• [Available data]
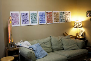 When Paddy first moved in here, the previous tenants offered to leave a few things behind (for a small fee). We got some decent patio furniture, a bbq, an air conditioner, and a rather large print of some cityscape. While there is no chance I will be getting rid of the patio furniture, the bbq, or the air conditioner until we have plenty of money to upgrade to shinier, fancier models, the photo has really just been filling space. It does this very well, but it’s really not ‘us’. At all. So, we’re saying goodbye to the print, and I’m finally hanging up some prints that I have been planning to since we were in Fredericton! I’ve had these awesome comics for a couple of years now: each frame depicts an entire Harry Potter novel (save the last book, which has 2 frames). They’re rather hilarious. I had been waiting to get them all properly framed or mounted, but finances haven’t allowed (8 frames is a lot, even if we go with cheap-o Walmart ones!) and so they’ve been sitting in a box. (Throwing things out, *and* emptying a box? It’s a good week!) I’m so much happier now that they’re up and displayed, all wonderfully nerdy and colourful on our wall! And if the command strips that I used damage the print, I have high resolution files that I can print again (major kudos to the artist for allowing that!!) Already the space feels better: there’s nothing like lovely,lighthearted Harry Potter fan art to geek-up a room! (If you’re interested in who made these awesome cartoon prints, you can find Lucy here: http://www.lucyknisley.com/about, although I couldn’t easily find the HP prints on her current site.)
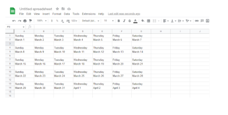 If you’re making a weekly calendar, you can stop right there. If you want a monthly calendar, you can skip a row and repeat the same process until you have five separate weeks represented in your spreadsheet. This will be more than enough to represent any month of the year.
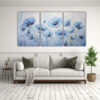 Este Set de 3 cuadros Street Art a blue POPPIES es ideal para decorar una sala de estar moderna Colócalos en una pared amplia y combínalos con muebles en tonos plateados, azul marino grisáceo, gris y beige para lograr un ambiente sofisticado y elegante

• [Try it] What is needed is an exact copy of the lines from the one with "If you’re making" through the end of the data above, both included, minus any pictures.

• [Reply]
 If you’re making a weekly calendar, you can stop right there. If you want a monthly calendar, you can skip a row and repeat the same process until you have five separate weeks represented in your spreadsheet. This will be more than enough to represent any month of the year.
 Este Set de 3 cuadros Street Art a blue POPPIES es ideal para decorar una sala de estar moderna Colócalos en una pared amplia y combínalos con muebles en tonos plateados, azul marino grisáceo, gris y beige para lograr un ambiente sofisticado y elegante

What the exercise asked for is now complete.